For our first exercise, we wrote to Where I’m From — you might be familiar with this poem/prompt; have I talked about it here before? When I give the prompt, I read the George Ella Lyon poem first, and then invite folks to start with the same title/first line: This is where I’m from…

A bit later today, I’ll update this post with my own write in response to the prompt. But let this be your write for today, if you want — and let the writing take you anywhere it seems to want you to go.

Edit, 6:17: Here’s my response to that prompt:

She’s from lost angels, from words nobody can pronounce the way they were originally spoken in Sioux: Niobrara, Nebraska, Ogalalla, Omaha; she’s from flat As and wait, where is that, exactly? She’s from the sort of place that people on the East Coast get mixed up with other places — you were from Oklahoma, NE, right? She laughs at them, strikes up bravado in the face of their ignorance, their lack of caring, their phrases like Flyover Country.
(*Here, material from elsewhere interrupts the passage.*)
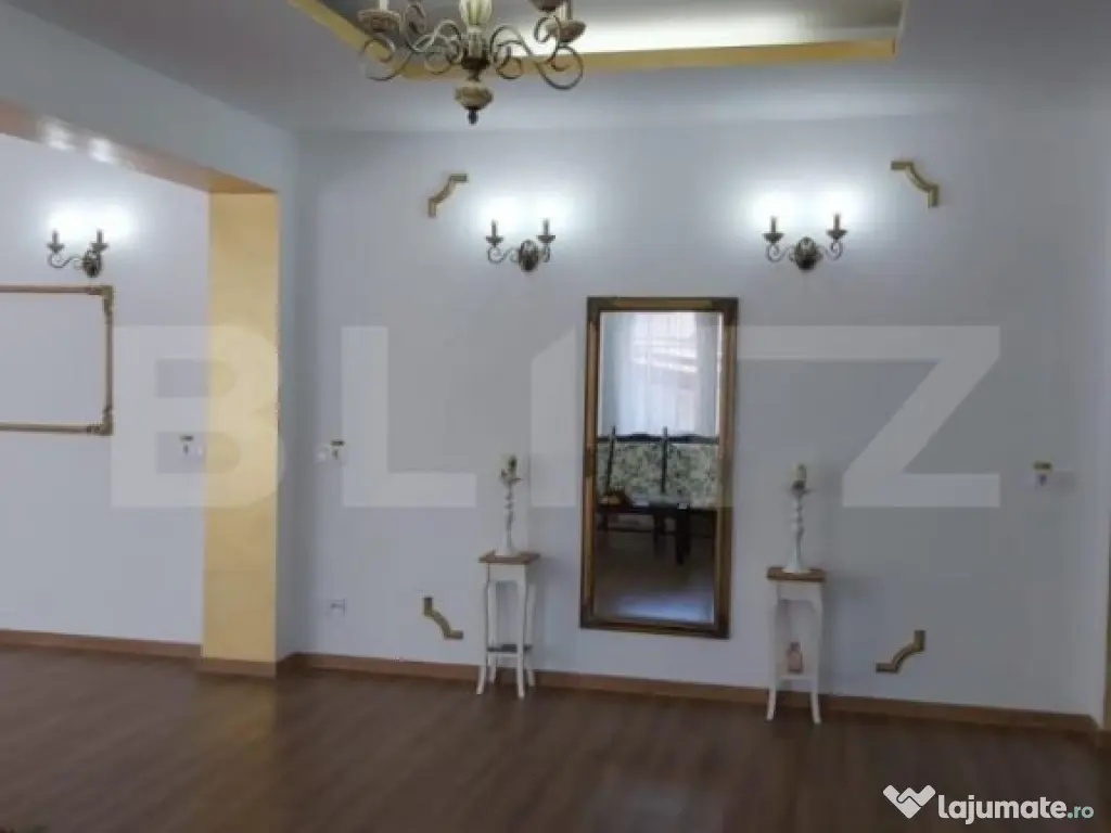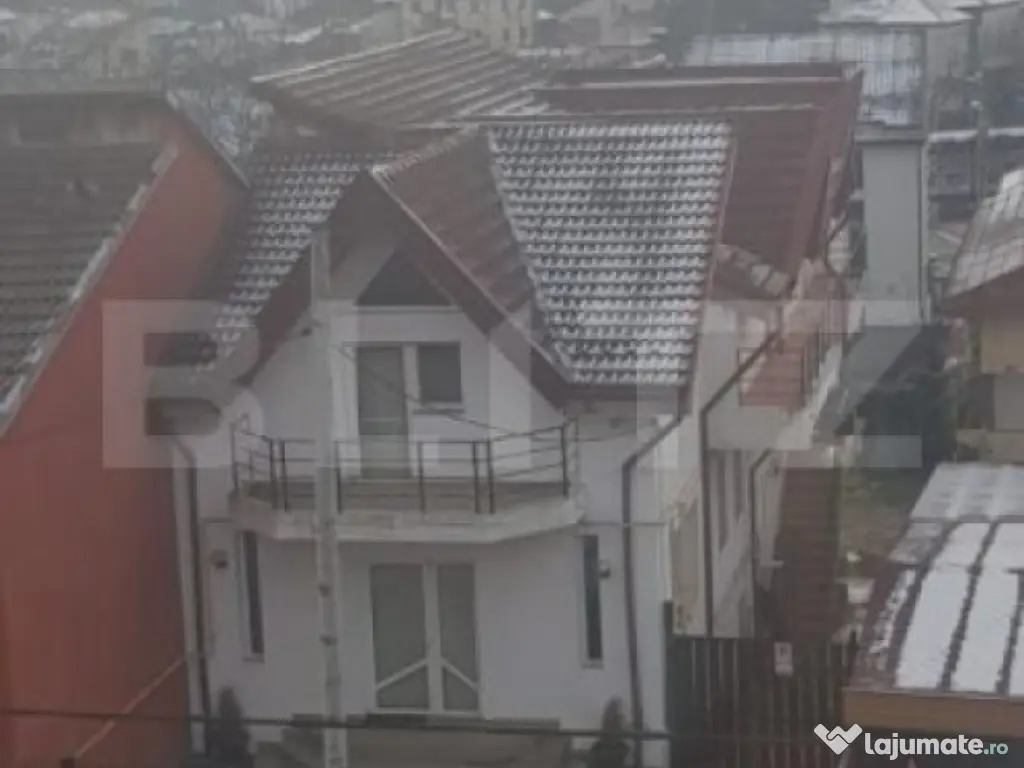 Blitz propune spre vanzare o casa de locuit si spatiu comercial cu regim de inaltime D+P+E, avand o suprafata utila de 265,4 mp si 527 mp de teren, pe strada Paltinis. Este proprietatea perfecta pentru a desfasura o activitate comerciala sau a inchiria spatiul comercial, din prisma vadului si in acelasi timp sa locuiesti intr o zona centrala a orasului. Casa a fost construita in anul 2010, cu fundatie, stalpi si grinzi din beton armat, zidarie portanta din caramida si este acoperita cu tigla. Terenu are o mica inclinatie ceea ce face ca demisolul format din living, bucatarie si o baie, sa fie la suprafata. Intregul parter al casei, cu suprafata utila de 102 mp, activeaza ca spatiu comercial, are doua intrari, in fata si in laterala, toate utilitatile sunt racordata separat de restul casei si este format dintr un open space, o camera cu balcon si doua grupuri sanitare. La etaj regasim un hol, 3 camere, toate cu balcon, una cu baie proprie, o alta baie pe hol si un spatiu de depozitare. Amprenta la sol este de 121 mp, terenul liber ramas fiind de 406mp iar suprafata desfasurata a casei este de 319 mp. Pentru si mai multe detalii va asteptam la vizionare! 0 % COMISION la cumparator! Cod ofertă / ID BLITZ: P146624 Id intern: P146624 Număr Băi: 5 Curent Apă Canalizare Gaz Climă

She’s from fried potatoes and bacon and hot coffee and griddle cakes, from turkey and pheasant hunts that even the liberal dads go on, from criks and blufs and fireflies and late May lilacs, she’s from a place no one can put their finger on, from those amber waves of grain that always just looked green or tan-brown when she rode across the tate in the back of Dad’s old orange VW bus.

She’s from Swedish holiday festivals and Indians in the museums with the wolly mammoth fossils and no one talking in Social Studies class about Wounded Knee. We thought Custer was a martyr. She’s from the town Malcolm X was born in, though nobody there ever mentioned it — she didn’t learn his name til she left for college.

She’s from: rhubarb-strawberry pie, cantelope-peach salad, homemade jham with wax sealing the Bell jar top, she’s from light up the faeries and wishing every day for an ocean vista and now every time she sees the water, she thinks how much it looks like the grasses undulating on the prairie, the ones Laura Ingalls ran through. She’s from day dream and Electric Company, homemade yogurt and lunchmeat platters, she’s from people gather in the church basement after a funeral and the same three ladies serve all the food and clean everything up, from bad coffee with lunch, flags waving everywhere, we love our troops, peace vigils at the Catholic church, she’s from long stretches of emptiness inside her parents’ marriage that eventually pulled wide enough to break, so she’s from that shatter, carries fragments in her bones, knows something always about being incomplete.

Thanks for your roots, for your tenderness to them, to the ways you let them hold you as you grow. Thank you for your words.